Object Representations for Learning and Reasoning

Thirty-fourth Conference on Neural Information Processing Systems (NeurIPS)

December 11, 2020, Virtual Workshop

Join via the livestream 🎥 · RocketChat · @ORLR_Workshop · #ORLR2020 · Join our community Slack!

A Symmetric and Object-Centric World Model for Stochastic Environments

  • Patrick Emami, Pan He, Anand Rangarajan, and Sanjay Ranka
  • (Oral)
  • PDF


Object-centric world models learn useful representations for planning and control but have so far only been applied to synthetic and deterministic environments.
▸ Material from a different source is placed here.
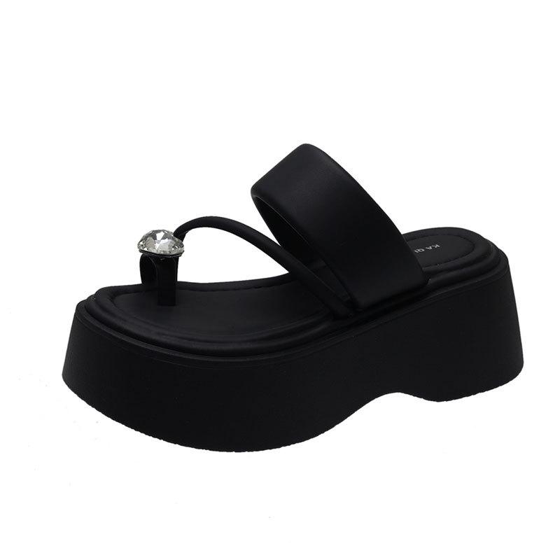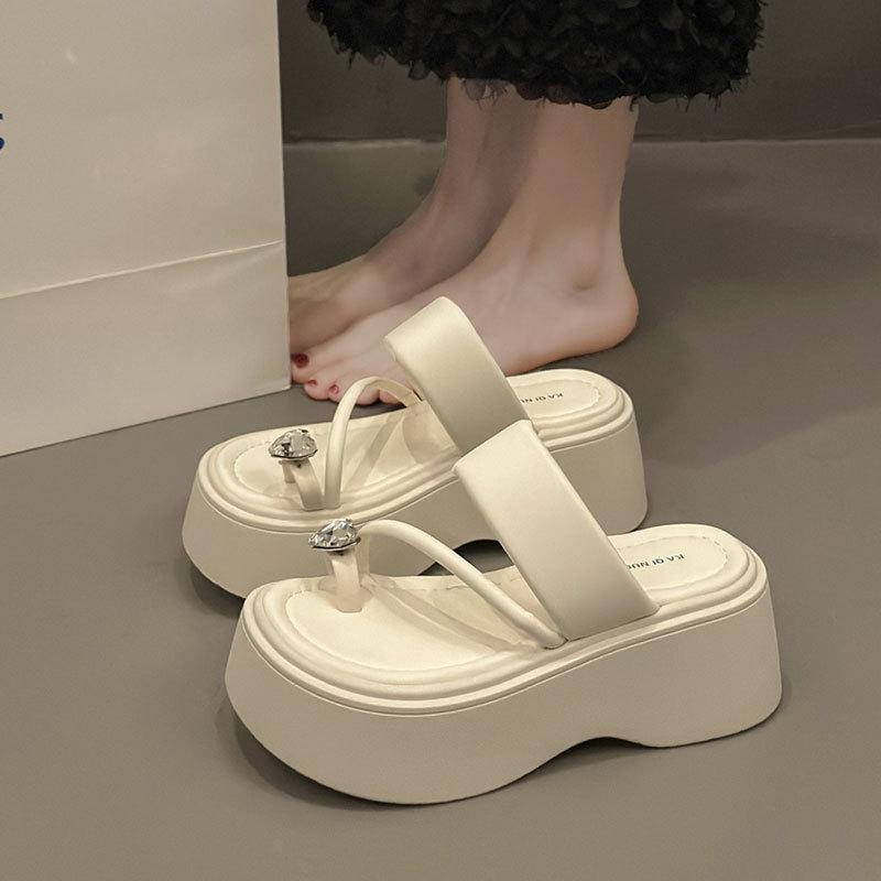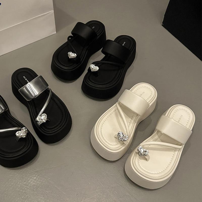 Премиальные серебристые шлепанцы с носком из страз, женская летняя обувь 2025, новая маленькая платформа с увеличением высоты, пляжная обувь

We introduce a perceptual-grouping-based world model for the dual task of extracting object-centric representations and modeling stochastic dynamics in visually complex and noisy video environments. The world model is built upon a novel latent state space model that learns the variance for object discovery and dynamics separately. This design is motivated by the disparity in available information that exists between the discovery component, which takes a provided video frame and decomposes it into objects, and the dynamics component, which predicts representations for future video frames conditioned only on past frames. To learn the dynamics variance, we introduce a best-of-many-rollouts objective. We show that the world model successfully learns accurate and diverse rollouts in a real-world robotic manipulation environment with noisy actions while learning interpretable object-centric representations.